Get to know SOS Codes for Emergency Alerts from Around the World

The SOS code was created by humans to be able to convey a danger or emergency signal as quickly as possible. Only with a sign or one word can it be known that someone or more is in danger and needs help.

In addition, the SOS code also has various variants that are tailored to the needs. Some of them have meanings that are difficult for others to understand because they are not supposed to be known to many people.

The following are a number of SOS codes that indicate an emergency situation.

Ten Codes

Ten Codes or Ten Codes is a code developed by United States law enforcement since 1937. But gradually, this code was cracked by the public. The password with the number 10 in front of it refers to a dangerous situation, for example, the code 10-187 which means a murder has occurred, or 10-31 which means that a crime is taking place.

Time Check

Sounds like telling people to check the time. But in fact there is a terrible meaning tucked away in it, for example, “Check the time: it is now 12.00”, which means there is a bomb threat around the area.

In the UK, the time check code can also be spelled out by the name, “Mr. Jet”. This code is usually stated at the court or movie theater and indicates that people in the building must be evacuated immediately because of a bomb threat.

“Bravo, Bravo, Bravo”

Bravo code is commonly used at airports or ships. When someone mentions this code, it means an emergency situation is in progress. Everyone is usually asked to remain silent to facilitate the examination. While the Bravo Code on the ship indicates a fire hazard.

Doctor Brown

The announcement of “Doctor Brown” at the hospital signaled that security forces were asked to be on alert due to threats to staff by patients or people around the hospital. In addition there is also Code Silver which means a threat with a weapon.


7500 is a password that is passed on when the flight is experiencing or there is a threat of hijacking. In addition, there are also similar passwords, such as 7600 which means loss of communication signal, or 7700 which is a code for general emergencies.

Code Adam

Code Adam indicates that a boy is missing. This code was inspired by the disappearance of a boy named Adam Walsh in 1981 who was kidnapped while shopping at the Holywood Mall with his mother. Two weeks later, his severed head was found in the sewer.

To commemorate this tragic event, Walmart created Code Adam which refers to the disappearance of a child, as well as an order for all store employees to immediately conduct a search around the Walmart location.

“Zulu, Zulu, Zulu”

Zulu is a voyage code that indicates that there is a fight on a ship. This code can also be combined with other passwords, such as “Bravo Zulu” or “BZ” which means that the action goes well and smoothly. On the other hand, if you add the word NEGAT at the beginning of the code “Bravo Zulu”, it means “doesn’t end well”.

Color Code in Hospital

Hospitals also often use color codes. For example, “Code Pink” has another meaning, namely a warning to employees that a baby will be born soon without a specialist midwife. While in several other hospitals, this code indicates that they are on alert because there are patients who are under the influence of drugs.

When a patient disappears, the hospital will call out “Code Yellow”. This code is also a reference for employees to be prepared because patients with serious injuries or victims of natural disasters are arriving. There is also “Code Brown” which means a readiness order for an event that results in many casualties.

“Mayday! Mayday!”

Code “Mayday!” always alert to an emergency on the plane. That said, this password was created due to a misspelling. In 1923, Frederick Mockford was suddenly tasked with finding a single word that could represent an aviation emergency.

At first he wanted to use the French word “M’aidez”, which means, “Please”. But because it sounds like “mayday” finally this word is used until now.

Code Using Color

Codes using the term color must also often be heard in movies. In real life, the US military uses the code “Code Black” which means there is a bomb threat or suspicious package.

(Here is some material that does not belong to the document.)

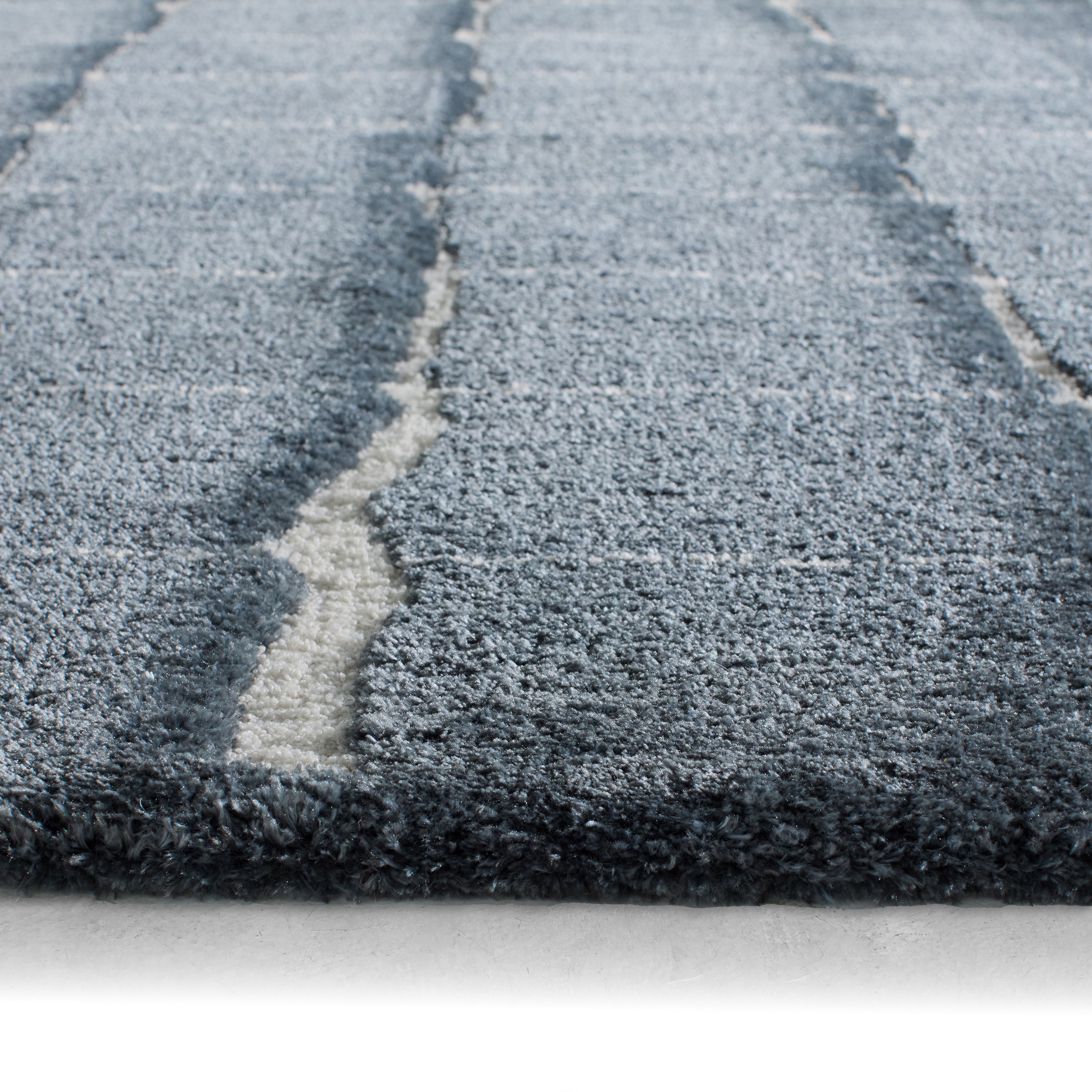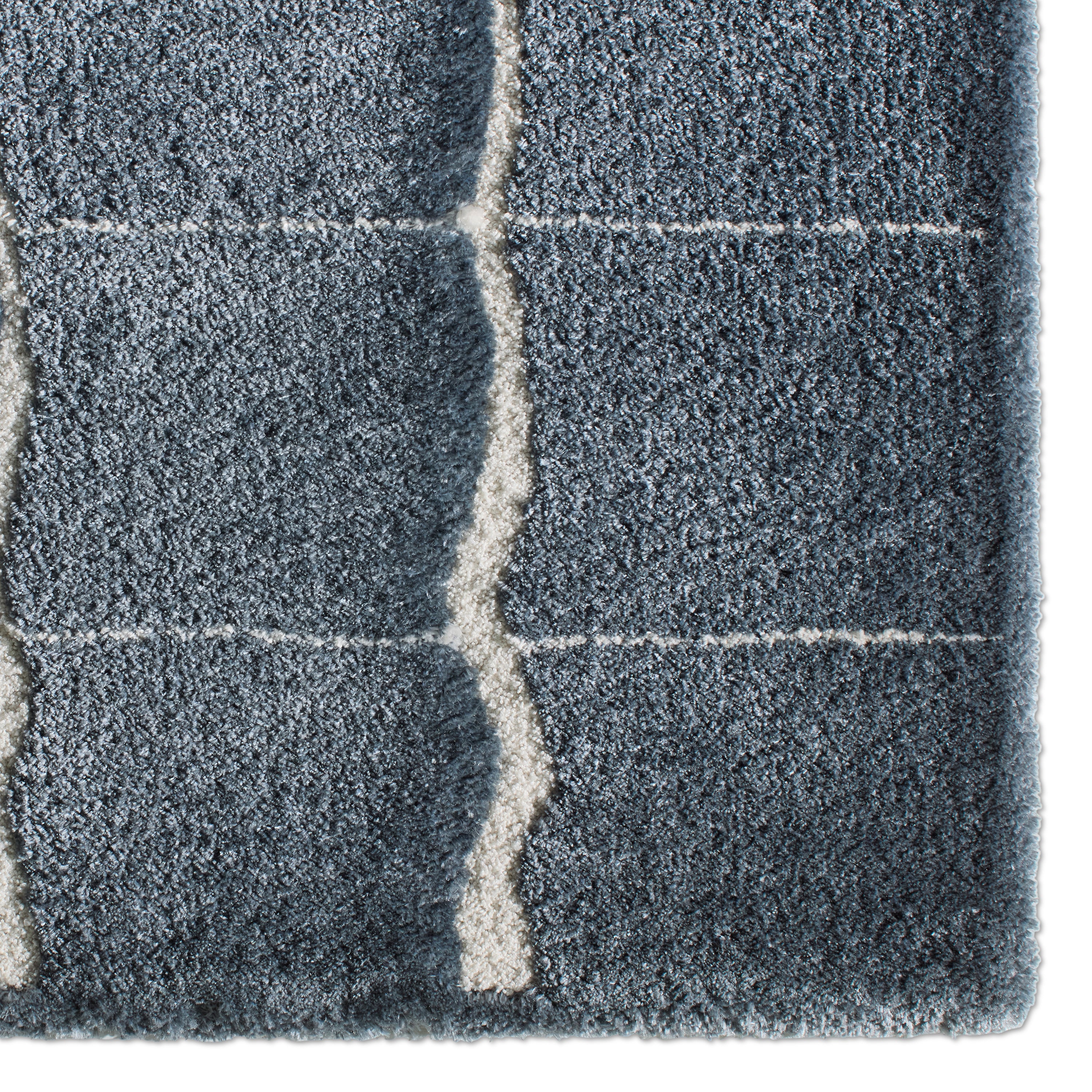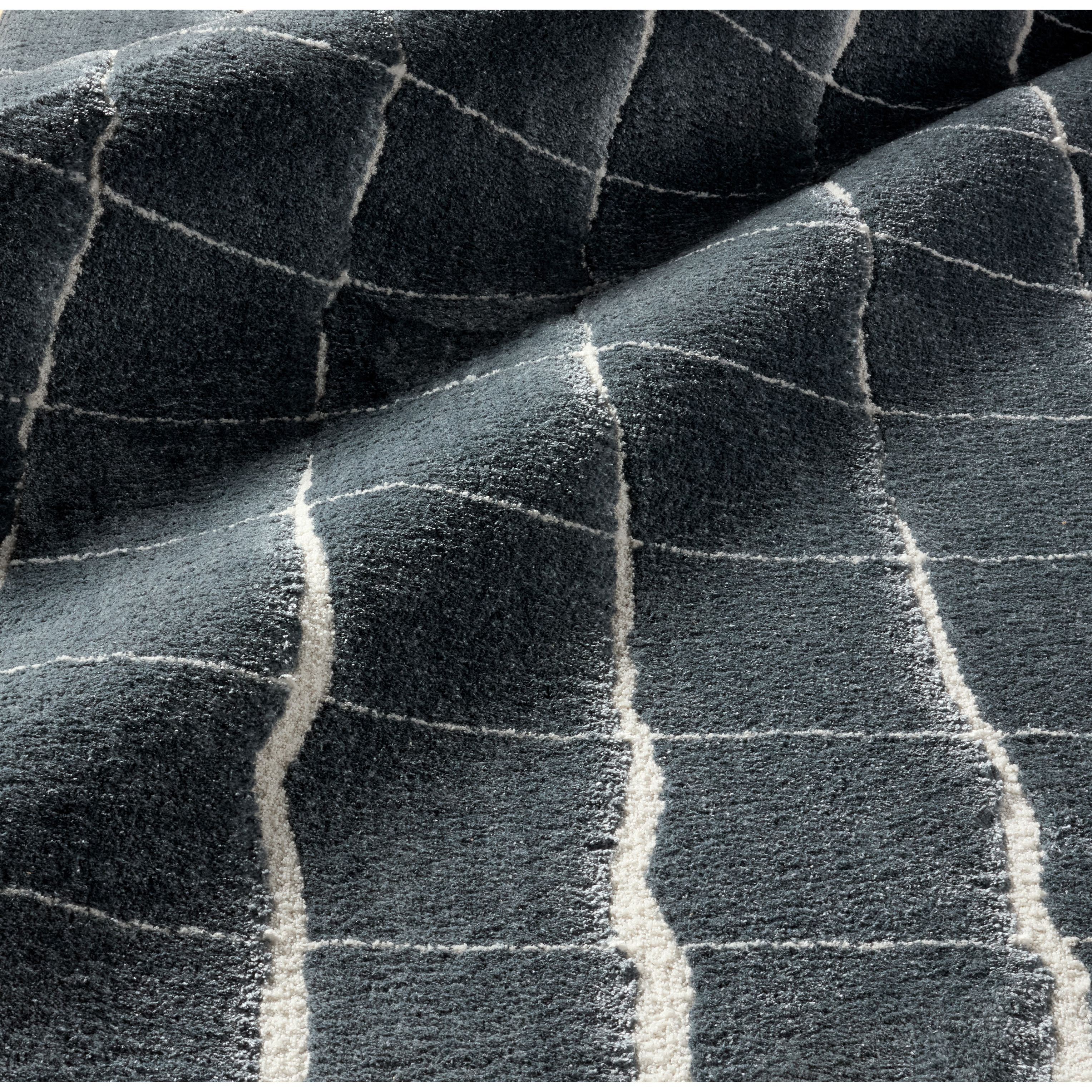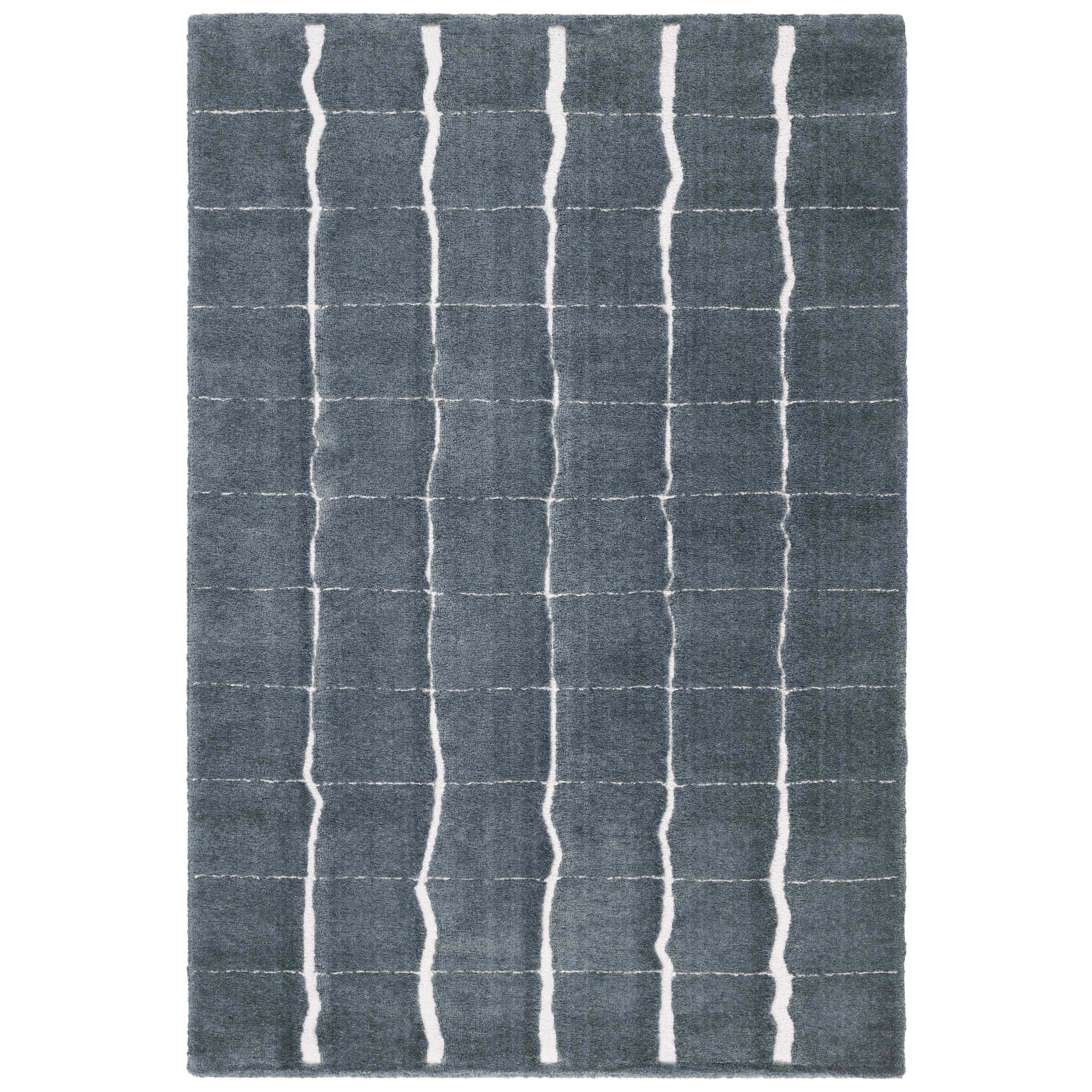 Experience softness and textural depth with the Tazeka collection. Drawing inspiration from the intricate geometries found in nature, each piece showcases perfectly imperfect lines woven into earthy hues and finished with a subtle sheen. The Kade rug’s captivating cracked earth design showcases slender, imperfect ivory lines against a rich blue backdrop, infusing warmth into any space it graces.

There is also “Code Purple” which is usually used when a child is kidnapped, while “Code Pink” is a code that specifically explains that the missing child is still a toddler.

It’s not just hospitals, military, or airlines that have SOS codes. Grab also has support features that indicate that users are experiencing an emergency and need help as soon as possible.

This feature that you can find in the Grab application menu stack will automatically notify the three emergency contacts that you selected earlier. Once the emergency button is activated, these contacts will receive notifications and text messages from Grab about what to do to be able to contact the pusher and the authorities.